Sesampainya di Hotel, mama nunggu di taksi, sedangkan saya--yang harus berbakti dengan orang tua-- disuruh ngambil tas di lobi. Whaddyaknow, perkiraan sebelum meninggalkan hotel tadi pagi benar. Saat buka pintu lobi dan bilang mau ambil tas, mbak-mbak receptionist langsung bilang, "Remote tv-nya nggak ada.
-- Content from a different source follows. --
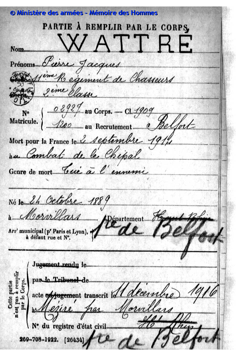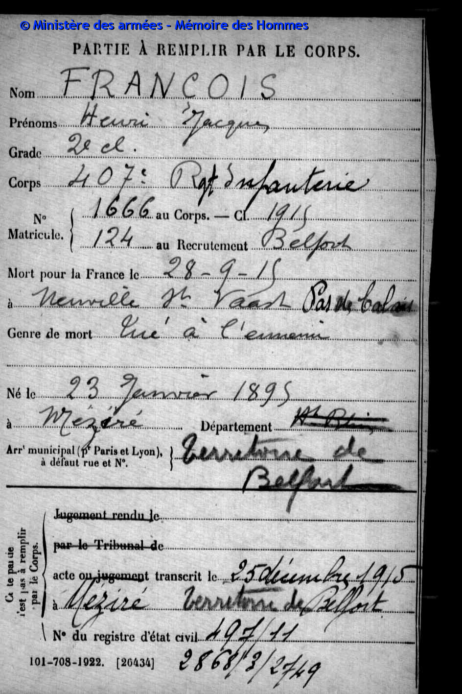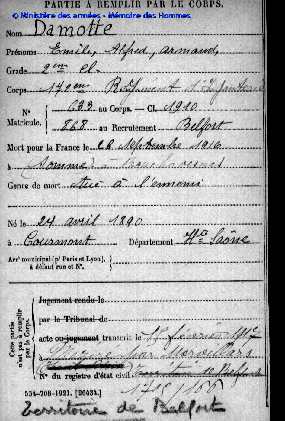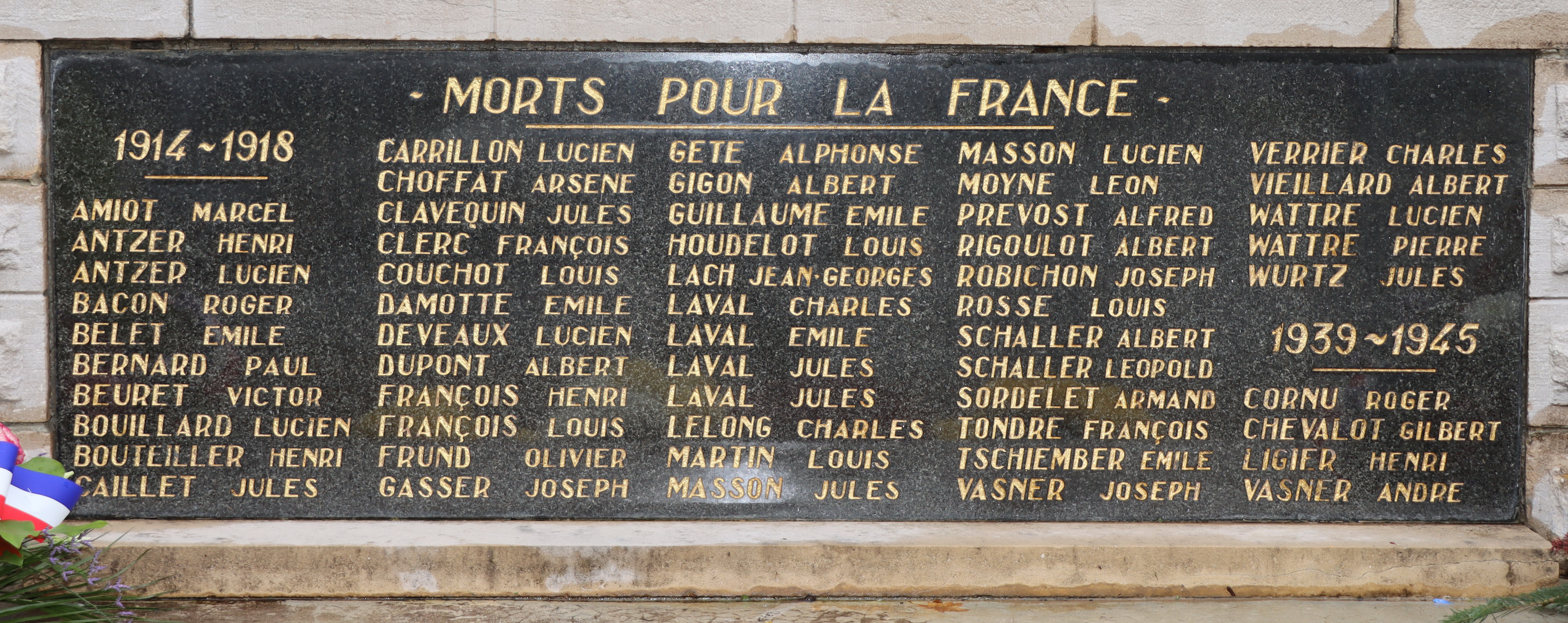 Auf dem Kriegerdenkmal der 3,91 Km2 kleinen Gemeinde mit 1294 Einwohner im Departement Territoire de Belfort sind 55 Kriegsopfer erwähnt, davon sind 41 mit Fabian Coulot verwandt.

Mungkin kebawa sama mbaknya." dan anehnya sebelum saya nyari, saya keluar dulu bilang ke mama, "Bener kan kata Misel, remotnya kebawa, tadi nggak mau dicari dulu sih!" dan beliau cuma tersenyum. Akhirnya setelah membongkar semua tas, taunya dia terselip di lipetan celana mama. Kalau mama sedang menyaksikan pembongkaran tas itu dan saya menemukan remote-nya, I will show her and said, "See!".
Saya kembali ke taksi dengan dua tas berat yang isinya udah berantakan dan bilang ke mama, "Remotnya ke selip di tumpukan baju kotor mama tau!" sambil kesel itu ngomongnya. Malu-maluin Ih!

"Ya elah remot doang. Coba kalau tadi tas-nya udah kita bawa, dia mau ngelapor gimana?" tanya mama tanpa bersalah.
"Ya kan ada email dan nomor telepon Misel. Mama mah!"
"Gitu aja di khawatirin. Nanti mama kirimin pake JNE." ucap mama dengan entengnya. Oh Gusti!
"Ya kali ada JNE." maksud hati kesel begini, biar mama itu nggak gampangin kalau ada masalah di Negara orang. Rese ih! Belum pernah ngerasain masuk imigrasi sih mama mah. Dan Pak Supir tertawa mendengar percakapan kami.